---------- Data shown ----------

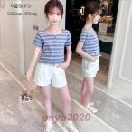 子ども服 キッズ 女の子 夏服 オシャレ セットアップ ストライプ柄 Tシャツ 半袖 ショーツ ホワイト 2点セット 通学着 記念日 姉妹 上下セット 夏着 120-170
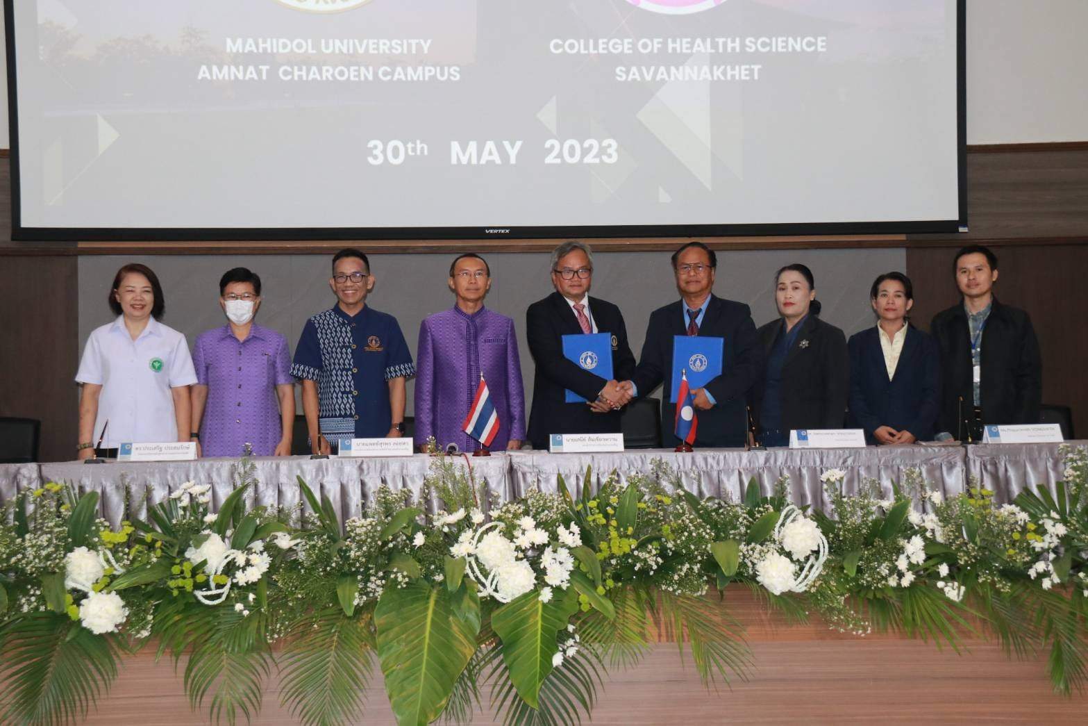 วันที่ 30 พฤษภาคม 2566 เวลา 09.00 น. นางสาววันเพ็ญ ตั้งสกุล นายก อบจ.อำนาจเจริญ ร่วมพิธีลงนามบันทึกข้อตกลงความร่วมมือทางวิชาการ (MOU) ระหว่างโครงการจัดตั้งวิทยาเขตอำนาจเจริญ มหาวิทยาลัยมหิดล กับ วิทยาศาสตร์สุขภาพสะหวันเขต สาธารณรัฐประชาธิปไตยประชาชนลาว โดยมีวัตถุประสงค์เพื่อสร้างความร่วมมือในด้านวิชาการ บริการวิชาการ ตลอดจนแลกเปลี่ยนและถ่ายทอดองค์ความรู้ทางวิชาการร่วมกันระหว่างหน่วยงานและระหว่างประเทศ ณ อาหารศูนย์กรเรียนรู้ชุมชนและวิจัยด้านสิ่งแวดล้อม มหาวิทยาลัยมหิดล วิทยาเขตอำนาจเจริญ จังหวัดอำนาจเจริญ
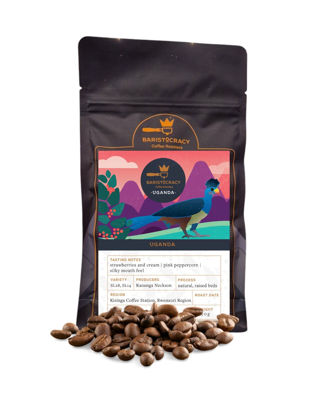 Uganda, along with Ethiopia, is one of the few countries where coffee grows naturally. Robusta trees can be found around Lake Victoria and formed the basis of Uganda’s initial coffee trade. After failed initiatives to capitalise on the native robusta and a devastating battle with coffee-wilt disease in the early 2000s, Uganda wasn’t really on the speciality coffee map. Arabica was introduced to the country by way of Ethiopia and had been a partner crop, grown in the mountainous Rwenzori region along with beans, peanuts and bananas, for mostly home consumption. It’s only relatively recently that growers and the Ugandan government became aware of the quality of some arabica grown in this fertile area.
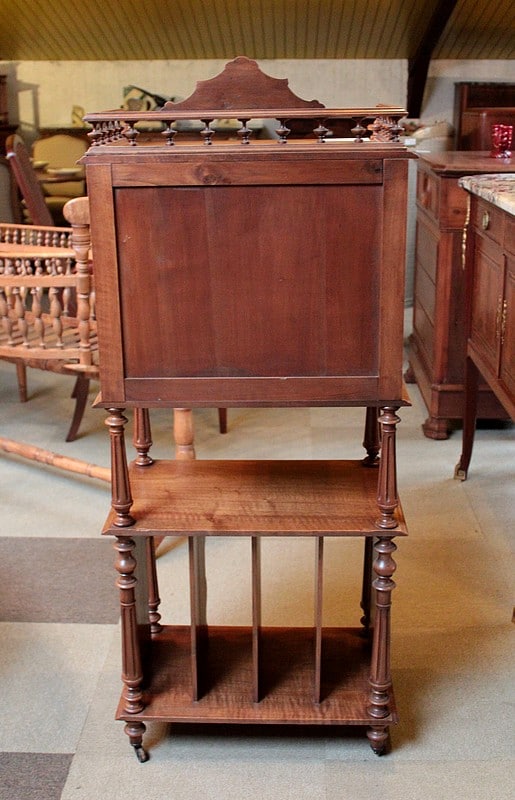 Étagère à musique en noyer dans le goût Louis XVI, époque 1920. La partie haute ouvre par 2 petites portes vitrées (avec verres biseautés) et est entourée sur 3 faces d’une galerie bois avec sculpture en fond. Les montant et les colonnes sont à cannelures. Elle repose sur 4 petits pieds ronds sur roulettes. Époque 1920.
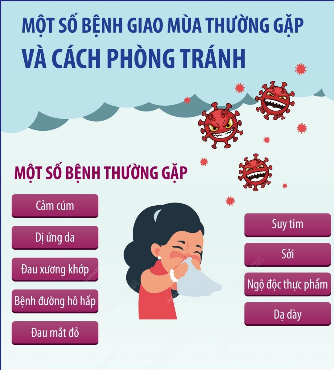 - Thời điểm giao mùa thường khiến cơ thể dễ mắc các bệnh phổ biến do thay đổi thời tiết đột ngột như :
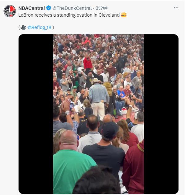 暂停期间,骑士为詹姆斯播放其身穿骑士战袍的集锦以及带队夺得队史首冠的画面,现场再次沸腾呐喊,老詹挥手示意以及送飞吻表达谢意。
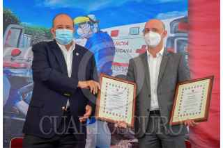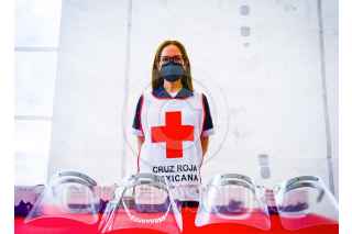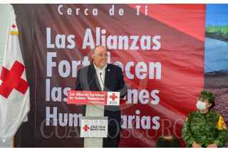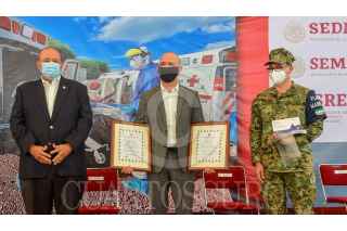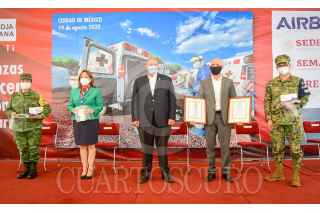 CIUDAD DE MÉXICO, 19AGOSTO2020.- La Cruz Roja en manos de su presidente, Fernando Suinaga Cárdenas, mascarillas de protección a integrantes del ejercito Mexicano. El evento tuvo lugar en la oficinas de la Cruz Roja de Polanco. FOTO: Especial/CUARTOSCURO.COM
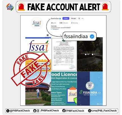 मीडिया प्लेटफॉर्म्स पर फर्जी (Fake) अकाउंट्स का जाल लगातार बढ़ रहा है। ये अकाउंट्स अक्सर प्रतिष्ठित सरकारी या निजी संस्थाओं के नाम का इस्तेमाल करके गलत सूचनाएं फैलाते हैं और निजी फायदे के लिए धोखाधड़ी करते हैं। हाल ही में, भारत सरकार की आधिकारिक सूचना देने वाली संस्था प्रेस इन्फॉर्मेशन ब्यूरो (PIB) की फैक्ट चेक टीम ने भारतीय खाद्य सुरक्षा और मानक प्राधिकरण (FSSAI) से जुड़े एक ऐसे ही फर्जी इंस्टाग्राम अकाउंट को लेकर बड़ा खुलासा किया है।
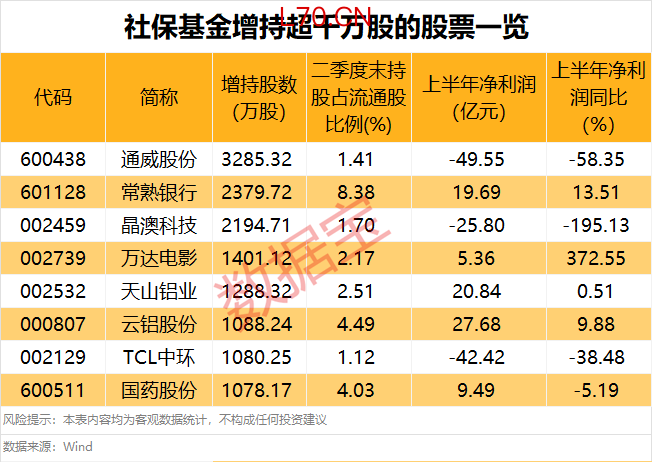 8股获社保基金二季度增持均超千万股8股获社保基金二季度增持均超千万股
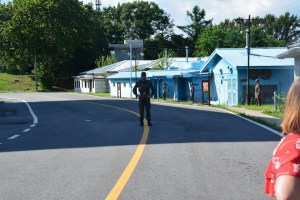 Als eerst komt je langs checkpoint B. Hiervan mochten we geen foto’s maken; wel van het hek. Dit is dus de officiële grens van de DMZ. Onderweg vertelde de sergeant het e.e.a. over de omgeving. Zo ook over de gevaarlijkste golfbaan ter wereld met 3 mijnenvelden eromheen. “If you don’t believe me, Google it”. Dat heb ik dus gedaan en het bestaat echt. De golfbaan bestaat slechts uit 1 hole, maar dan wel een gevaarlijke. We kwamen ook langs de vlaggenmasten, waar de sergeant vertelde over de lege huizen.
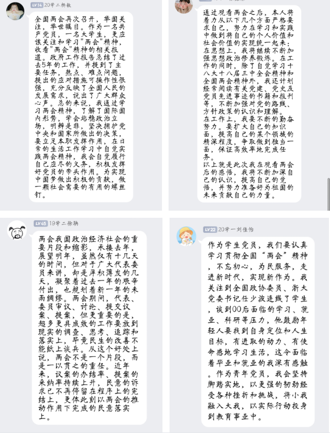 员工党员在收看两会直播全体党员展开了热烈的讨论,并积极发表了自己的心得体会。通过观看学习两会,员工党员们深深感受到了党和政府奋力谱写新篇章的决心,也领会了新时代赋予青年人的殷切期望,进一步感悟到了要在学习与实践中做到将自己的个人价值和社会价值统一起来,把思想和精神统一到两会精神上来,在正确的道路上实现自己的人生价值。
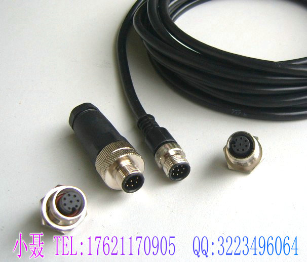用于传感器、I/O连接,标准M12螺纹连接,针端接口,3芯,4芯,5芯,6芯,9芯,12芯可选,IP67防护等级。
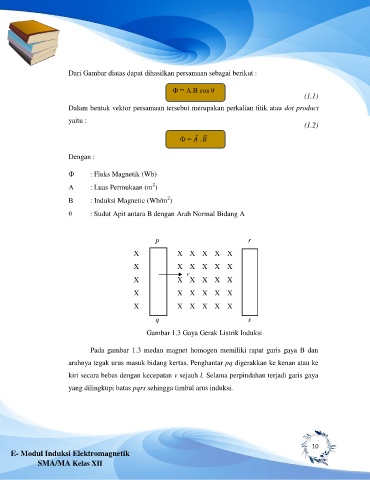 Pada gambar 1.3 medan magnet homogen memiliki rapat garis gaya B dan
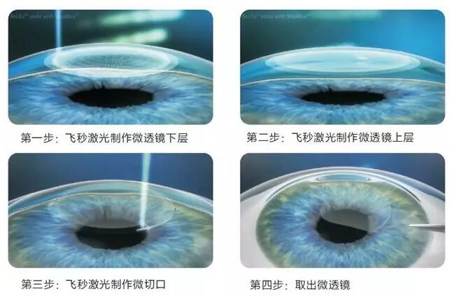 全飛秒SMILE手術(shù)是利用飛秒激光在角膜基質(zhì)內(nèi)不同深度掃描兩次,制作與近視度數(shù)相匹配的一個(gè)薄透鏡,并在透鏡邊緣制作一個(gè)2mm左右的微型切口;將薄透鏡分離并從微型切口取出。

----------
---------- Data shown ----------

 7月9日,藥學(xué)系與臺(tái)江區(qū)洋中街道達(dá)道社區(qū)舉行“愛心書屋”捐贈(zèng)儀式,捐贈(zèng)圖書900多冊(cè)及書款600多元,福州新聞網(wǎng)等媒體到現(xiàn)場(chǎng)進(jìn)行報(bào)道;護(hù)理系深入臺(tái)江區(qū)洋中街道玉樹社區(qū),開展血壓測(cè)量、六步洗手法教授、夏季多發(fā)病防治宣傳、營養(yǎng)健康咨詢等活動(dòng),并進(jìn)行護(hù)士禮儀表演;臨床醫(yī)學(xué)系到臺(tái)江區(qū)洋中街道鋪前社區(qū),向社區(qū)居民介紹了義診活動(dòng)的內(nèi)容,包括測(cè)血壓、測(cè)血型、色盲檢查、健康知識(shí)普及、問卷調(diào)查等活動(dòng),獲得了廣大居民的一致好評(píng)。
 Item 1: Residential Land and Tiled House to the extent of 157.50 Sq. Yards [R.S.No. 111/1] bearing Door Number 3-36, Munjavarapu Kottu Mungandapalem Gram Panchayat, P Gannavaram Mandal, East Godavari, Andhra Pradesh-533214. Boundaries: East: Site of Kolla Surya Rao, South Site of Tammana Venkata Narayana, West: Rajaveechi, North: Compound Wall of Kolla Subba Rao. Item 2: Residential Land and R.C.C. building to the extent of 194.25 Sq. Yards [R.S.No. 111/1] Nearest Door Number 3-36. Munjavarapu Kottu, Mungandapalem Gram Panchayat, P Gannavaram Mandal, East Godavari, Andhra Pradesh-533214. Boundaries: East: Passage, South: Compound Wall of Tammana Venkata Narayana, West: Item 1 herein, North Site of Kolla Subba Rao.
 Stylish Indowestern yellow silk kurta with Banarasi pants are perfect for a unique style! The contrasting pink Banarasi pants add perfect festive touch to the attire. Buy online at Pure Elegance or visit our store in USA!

----------

• _Your task_
Only the lines above starting at the one containing "Item 1: Residential" and ending at the one containing "Stylish Indowestern yellow", both included, are to be returned, exactly as they read.

• _Answer area_
 Item 1: Residential Land and Tiled House to the extent of 157.50 Sq. Yards [R.S.No. 111/1] bearing Door Number 3-36, Munjavarapu Kottu Mungandapalem Gram Panchayat, P Gannavaram Mandal, East Godavari, Andhra Pradesh-533214. Boundaries: East: Site of Kolla Surya Rao, South Site of Tammana Venkata Narayana, West: Rajaveechi, North: Compound Wall of Kolla Subba Rao. Item 2: Residential Land and R.C.C. building to the extent of 194.25 Sq. Yards [R.S.No. 111/1] Nearest Door Number 3-36. Munjavarapu Kottu, Mungandapalem Gram Panchayat, P Gannavaram Mandal, East Godavari, Andhra Pradesh-533214. Boundaries: East: Passage, South: Compound Wall of Tammana Venkata Narayana, West: Item 1 herein, North Site of Kolla Subba Rao.
 Stylish Indowestern yellow silk kurta with Banarasi pants are perfect for a unique style! The contrasting pink Banarasi pants add perfect festive touch to the attire. Buy online at Pure Elegance or visit our store in USA!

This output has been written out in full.